(09/27/95) Conclusions from the discussion with Miloje
-
Miloje is convinced that so far, nobody in NPAC,NASA or JPL knows what the
4DDA requirements for the parallel IO are. They all are working on the computational
part. Of course, the IO problem will be relevant in the future as the 4DDA system
deals with large volumes of data, but he expects it to happen not earlier than one
year from now. It is not clear, what parts of the parallel IO functionality will
be relavant by that time, as probably HPC systems will move towards virtual memory
so out-of-core computations will be no longer an issue. Probably, the mapping
between disks and memory arrays will be a dominant problem, together with overlapping
IO actions and checkpointing.
-
As it is difficult to design anything if we don't know the true nature of a problem,
I would suggest to carry out this project as a systematic survey of different
approaches for parallel IO, identifying problems and how the problems are tackled
by different parallel IO systems. I can also think about extending TCE towards
efficient IO operations and checkpointing.
(09/25/95) The 4DDA Issues
-
Still too little information to shape any sensible design for 4DDA parallel
IO requirements. I found the
description of the 4DDA principles (click here for
summary ) but it only scetches some requirements and algorithmic issues.
-
Two suggested requirements have been mentioned there - a possible need for
capabilities of restarting an interrupted computation (checkpointing) and software
support for efficient transfers between disks and mamory mapped arrays. The first
issue is only mentioned in one project, and
generally it requires some serious software engineering, the other is realated
with the PASSION work and also MPI-IO.
-
An open question is on which HPC platforms the 4DDA is going to run. In the paper
they mentioned Intel Paragon, Cray T3D and also IBM-SP1. For Intel Paragon the
work done for PASSION can be easily reaused (either at the language or at the
runtime level) for other architectures however there is no PASSION implementation.
-
When the targetted platforms have virtual memory (SP-1/2 or HPC workstation clusters) the out-of-core computation factor may not be relevant, but still the two-phase disk access strategy of PASSION can be used - but only as a model - PASSION does
not run on clusters.
-
Seems to me that the MPI-IO project could be very useful to look at. It has all relevant
components (except checkpointing that is) and will be the closest in spirit to what
I would propose using TCE. Both MPI-IO and PIO based on TCE will deal with IO
issues the the runtime level only, and they extend the message passing constructs
to cover the IO domain. Both models assume very little about the uderlying hardware and software support, therefore they can cover various HPC platforms.

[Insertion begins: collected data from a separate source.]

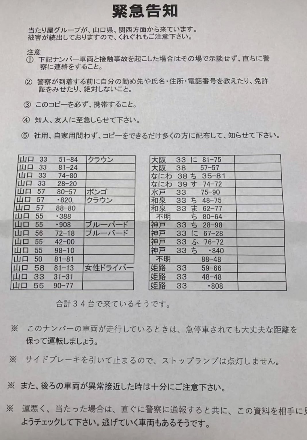 おそらく最初は「当たり屋グループ出現」といった内容の
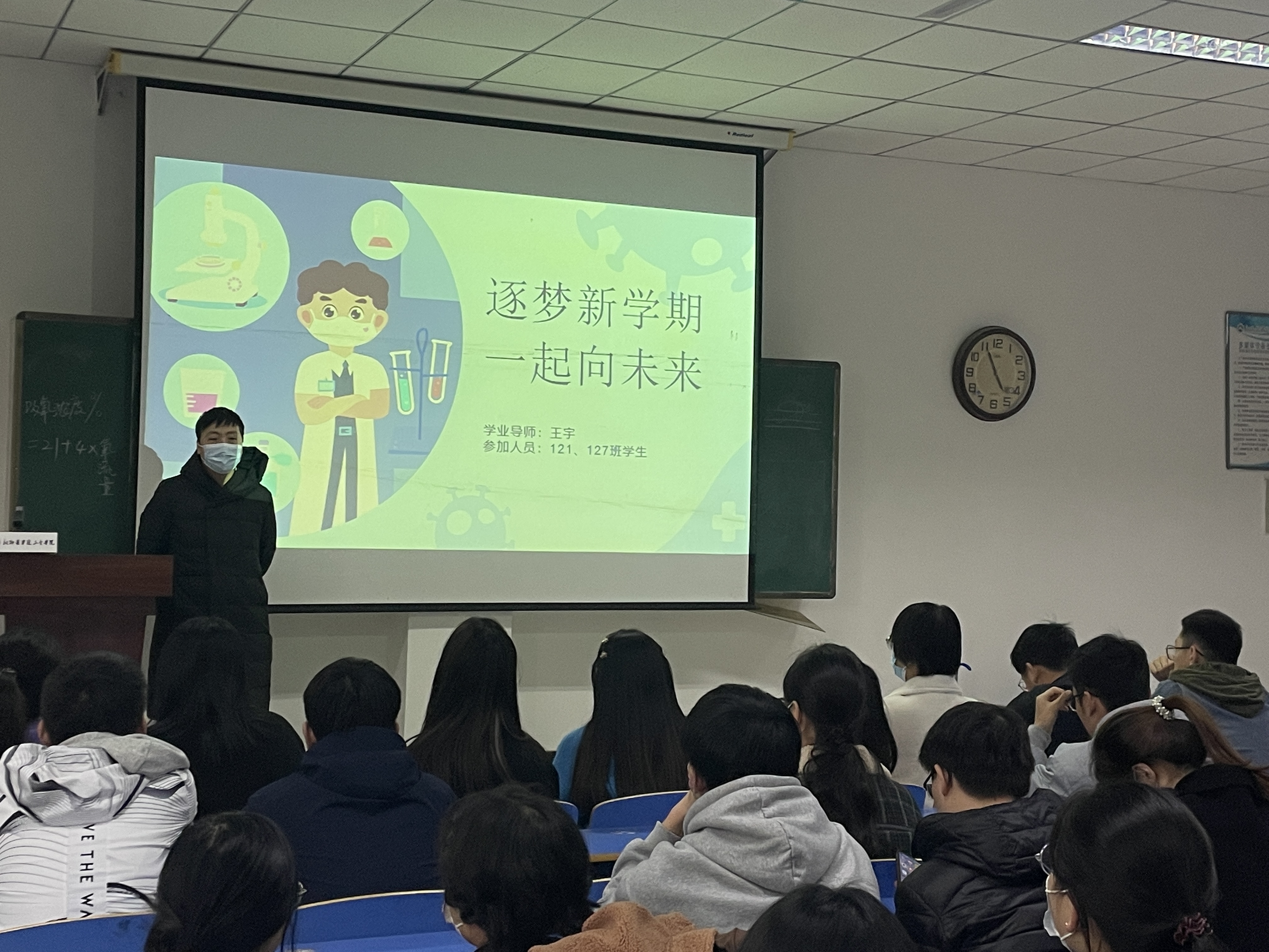 3月14日,王宜珂老师在问学楼301教室,与126班同学们开展了以“逐梦新学期,一起向未来”的主题交流会。首先,王宜珂老师祝贺我们迎来新学期,并告诉同学们新学期在学习上一定不能倦怠,要更加努力。新学期伊始,学校处于疫情防控状态下,王宜柯老师就如何调整心态做了讨论,王老师提醒大家要合理安排好学习与生活,遵守学校对疫情防范的要求,各网格化负责人与同学要精诚合作。同学们要在新学期设立有自己的目标和规划,为了同学们每个人的灿烂未来而努力,一起向未来。最后,王宜柯老师劝导大家要经常进行体育锻炼,强健体魄,在大学期间养成良好的生活和学习习惯,并提醒同学们这样做会对大家终身有益。
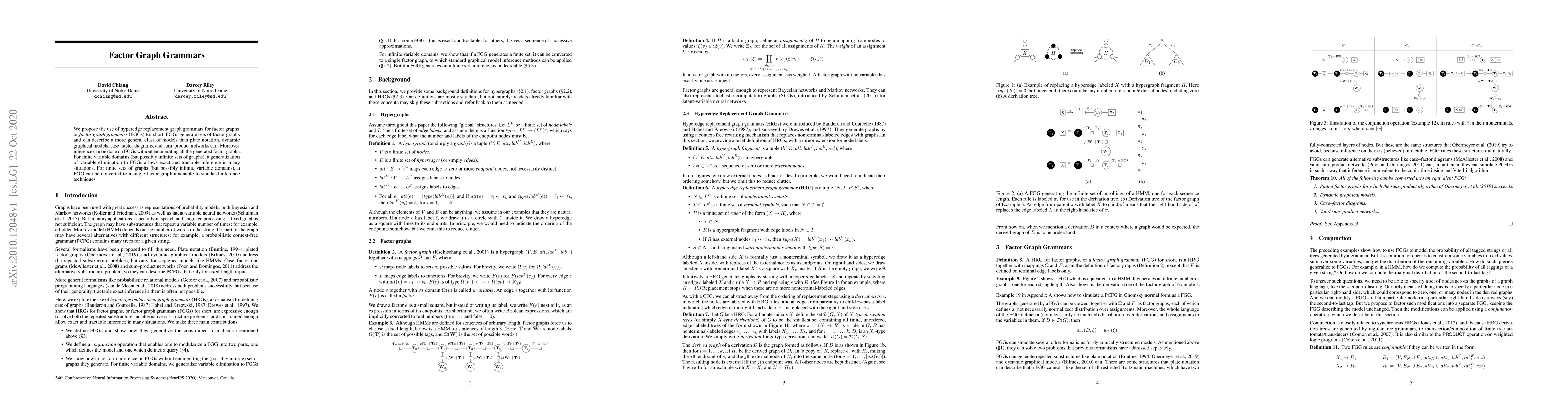 This paper introduces factor graph grammars (FGGs) based on hyperedge replacement graph grammars, which can describe a broader class of models than existing notations. Inference on FGGs is tractable without enumerating all generated factor graphs, enabling exact inference through variable elimination or conversion to a single factor graph for standard techniques.
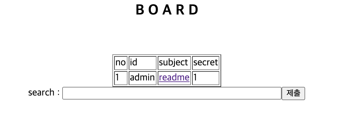 검색 기능을 보기위해 admin, guest, hi~, readme를 입력해봤지만, 모두 위와 같이 결과가 출력되었다.

(09/11/95) Assuming that we are moving from parallel MPP systems towords workstation (PCs) clusters I have
the following conclusions (Based on the PASSION Summary) :
-
A large portion of PASSION is dedicated to out-of-core programs. When it is very relevent for MPP
architectures, it is much less relevent for computing clusters. The reason for it is simple; nodes
on parallel machines don't have virtual memory, therefore when something doesn't fit into the physical
memory it has to be devided between the available physical memory window and disks. Workstations, on the
other hand have their virtual memory limited only by the available swap space. Since the swap space is
rarely less than 100MB a chance that something won't fit is rather slim. There are of course cases when
the problem can still arise; a heap limit for user processes for example, but I belive such obstacles
can be removed through appropriate system administration. A conversation with Miloje should verify this
claim.
-
If it is agreed that out-of-core data is less relevant for clusters, then the whole portion of PASSION
that deals with compiler and HPF language support will have little relevance.
-
The model of the portable, virtual file system VIP-FS defined in PASSION can be utlized in any environment.
The important question is whether the design choices made for MPP are realy the optimal way of doing things -
clusters are much flexible when placing process is concerned (two or more of them can reside on the same machine
while on parallel nodes it is not possible in general).
-
The model of the the Two-Phase Access Strategy should be equally applicable to MPP as well as clusters.
-
What I think would be a sensible thing to do in the cluster case is to design (or reuse the VIP-FS design) the
parallel/distributed file server. This file server would interact with appropriate runtime via message passing.
The runtime would support language or library constructs which do ALL IO operations in the prefetching/non-blocking
mode. The runtime would use tce functionality to implement the non-blocking IO access using threads. The same
framework could be used to implement the file server. Finely, we could add the HPF directives to express
the "new" asynchronous IO at the language lavel, and to allow the runtime to execute the Two-Phase Access Strategy.